The generated MIME-DB lookup tables live in
`src/mimetype/internal/mimetype_db_ffi.erl` and
`src/mimetype/internal/db_ffi.mjs`, with a thin Gleam wrapper at
`src/mimetype/internal/db.gleam`. All three files are derived from
`doc/reference/upstream/mime-db/db.json`. Refresh them with:

```sh
just generate-db
```

CI runs the same generator against the pinned upstream commit and fails
the build if the regenerated output drifts from the committed copies.

### Benchmarks

The hot lookup and detection paths have a small reproducible bench
harness under `test/mimetype_bench.gleam`. Run it on either target:

```sh
just bench-erlang
just bench-javascript
just bench            # both, in sequence
```

Each run prints a Markdown table of `ns/op` figures. Capture a
baseline from `main` before a refactor
(`just bench-erlang > before.md`), then re-run on the working branch
and diff the two tables to check for material regressions.
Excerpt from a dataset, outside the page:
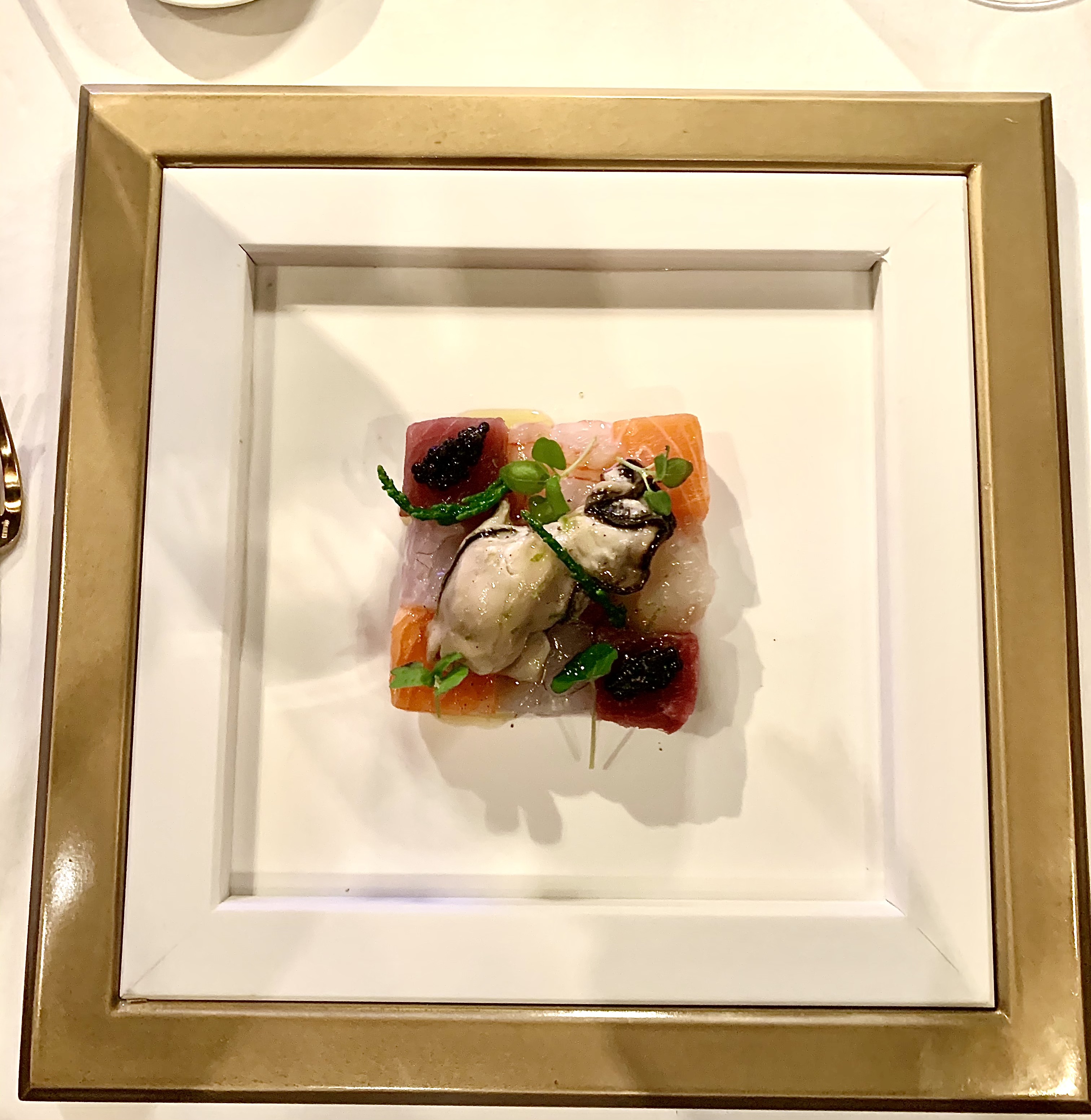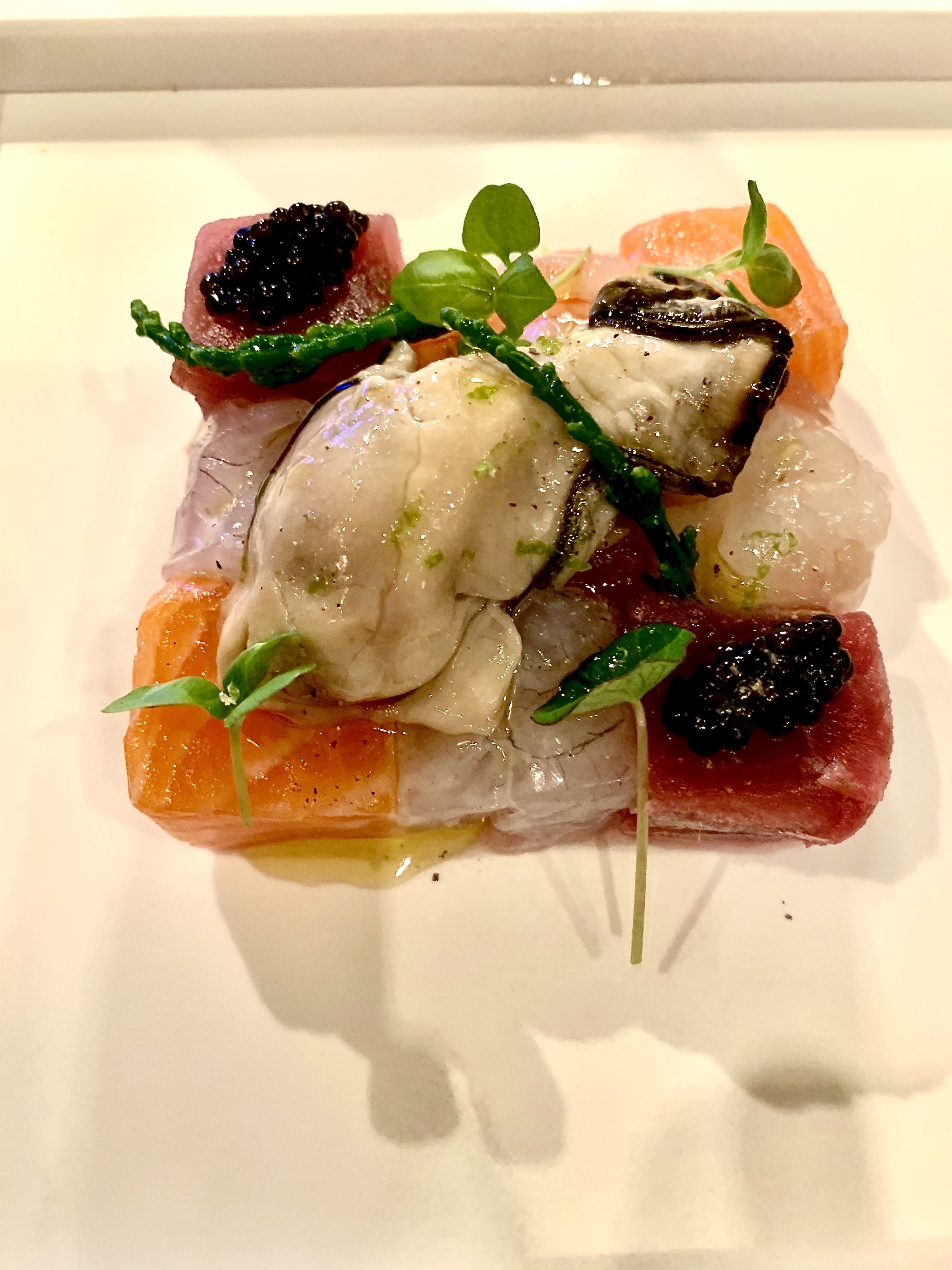 Quadro di Crudo – Crudo de poissons et crustacés de la mer Ligure, caviar, huître et essence de citron de Menton. Véritable tableau de « Cru » à base de Sériole, de Thon, de Saumon, de Langoustine, de Gamberoni de San Remo et d’Huître, à la découpe large et généreuse pour une belle mâche des poissons qui se parlent les uns les autres et s’accordent à merveille sans se surpasser. L’essentiel du produit est mis en avant dans la tradition des crudo italiens, juste une pointe d’acidité du citron de Menton suffit pour affirmer le relief des éléments tout en gardant leur propre identité.
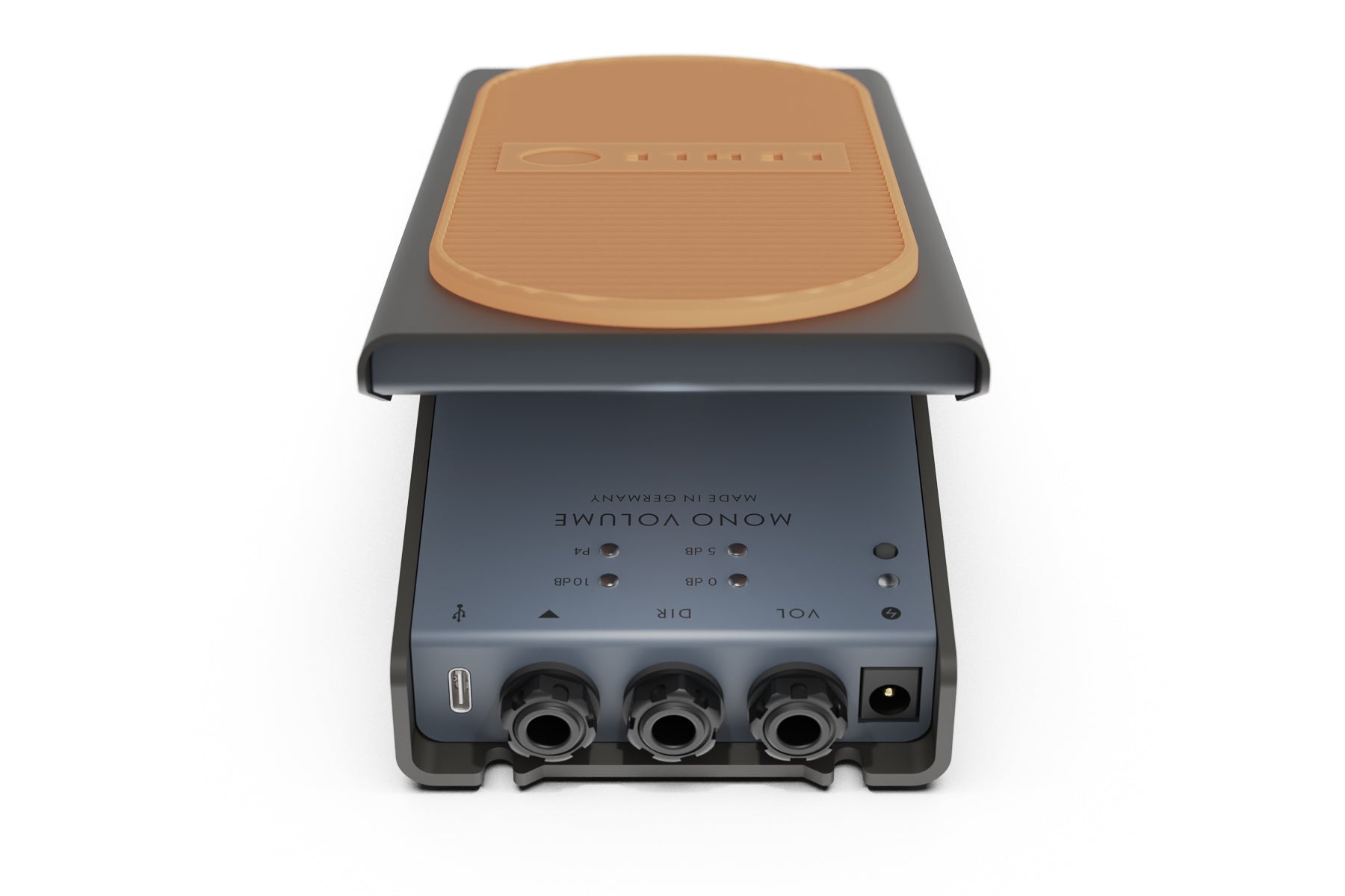 The USB-C socket provides the functionality to calibrate, program and update the LEHLE MONO VOLUME S – by the way it sends MIDI data to your DAW or amp simulation of your choice.

The
harness is intentionally not wired into PR-time CI gates — it is for
local A/B comparison and ad-hoc investigation, not for blocking
merges on micro-fluctuations.

## Licensing

The data tables under `src/mimetype/internal/` are generated from
`jshttp/mime-db`. The generated FFI source files
(`mimetype_db_ffi.erl` and `db_ffi.mjs`) carry the MIT notice inline;
the same packaged notice is also included in `THIRD_PARTY_NOTICES.md`.